Тогда Этьен целый месяц ждал извинений, замирая каждый раз, когда Бартон появлялся на горизонте. Но Генри слишком долго отходил, а Этьен уже и думать о нем перестал. Только над бровью образовалась тоненькая беленькая полосочка — Бартон, когда долбанул его об острый край койки, рассек Этьену лоб, не совсем сильно, но на небольшой шрамик хватило.
— Он в загуле. Дома нажирается, как свинья, несколько раз дежурства пропускал, так что его почти уволили, только на дружбе с хозяином держится. На всех плевать, ебет все что движется, а потом еще и жалуется мне.
— Ебет? — обеспокоенно спросил Этьен.
— Не знаю, — слишком быстро ответил Стефан, — слухи ходят.

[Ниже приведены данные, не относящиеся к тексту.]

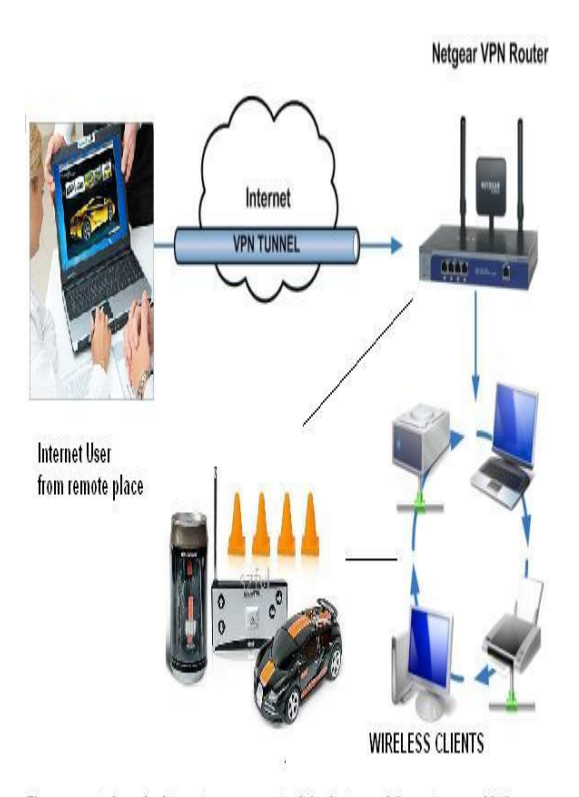
Fig represents how the Internet user can control the features of the motor car with the help of Wireless Mobile Router

By developing on web based application for the router to identifying the different part and to control its function in the browser. By providing the IP of the administrator, it shows the different part and the number of clients connected to it. The figure shows the router is connected with different clients using wireless technology with WIFI and how the dongle is connected to the router, so interconnection can be easily transmit to the different clients also, as the main connection of USB dongle with ISP joins to the router. As wifi connection is already in the router, it send signals to the electronic devices, now internet connection is also there & web application is developed, you can sends commands which is connecting with the internet. Electronic device is now directly connected with the wifi using mobile router, by developing web applications all the functions can be controlled and operated which one connected as clients with this WIFI mobile router. From the remote applications we can connect to the router mobile and then can connect all the clients & do operations. Here electronic devices can also be connected with the WIFI router, as they get more signal strength. So a person from remote place also connected with the electronic devices and do operations on it.

Бартон совсем обнаглел, если так себя вел. Пусть он Этьену и не нужен был, но просить прощения и одновременно водить шашни со всеми подряд — гадство.
— Он же от злости только. — Заговорил Стефан. — Может, поговоришь с ним?
— Зачем? — спросил Этьен. Мысль о разговоре с Бартоном вообще пугала, потому, что Генри казался чем — то очень далеким, из другой реальности. Почти как мертвец.
— Жалко его. Подохнет так.
Стефану никогда никого не было жалко, ни Этьена, ни маленьких миленьких омежек, которые загибались у него под носом, ни самого себя, а вот сволочь Генри ему было жалко.
— И сколько он уже переимел? — ехидно поинтересовался Этьен.
— Свечку не держал.
— И даже поговорить не пытался? Тебе же жалко.
— Пытался. — Резко и раздраженно ответил Стефан.
— И?
— Сколько тебя уже переимело? Это я цитирую.
Этьен прикусил губу. Бартон любил штампы. Или считал, что если уж перед ним ножки раздвинул, то и перед любым сможешь? Невысокого мнения он был о себе. Этьен бы никогда не додумался из-за одной злобы трахнуться с кем-то.
Всего лишь трое за полгода. Разве это чересчур для свободного омеги?
— Вмаж ему за меня, что тебе будет? Я его бил, мне ничего не было.
— Он тебя, идиота, берег. Думаешь, что тебе так жилось хорошо?
Этьен не знал, где это ему жилось хорошо, но Стефан фигню не скажет. Но это его не волновало. Его волновало то, что Генри все такой же. То оскорбляет, то извиняется, а в перерывах, кого-нибудь имеет, выжрав перед этим водки. Еще и Стефану мозги выносил.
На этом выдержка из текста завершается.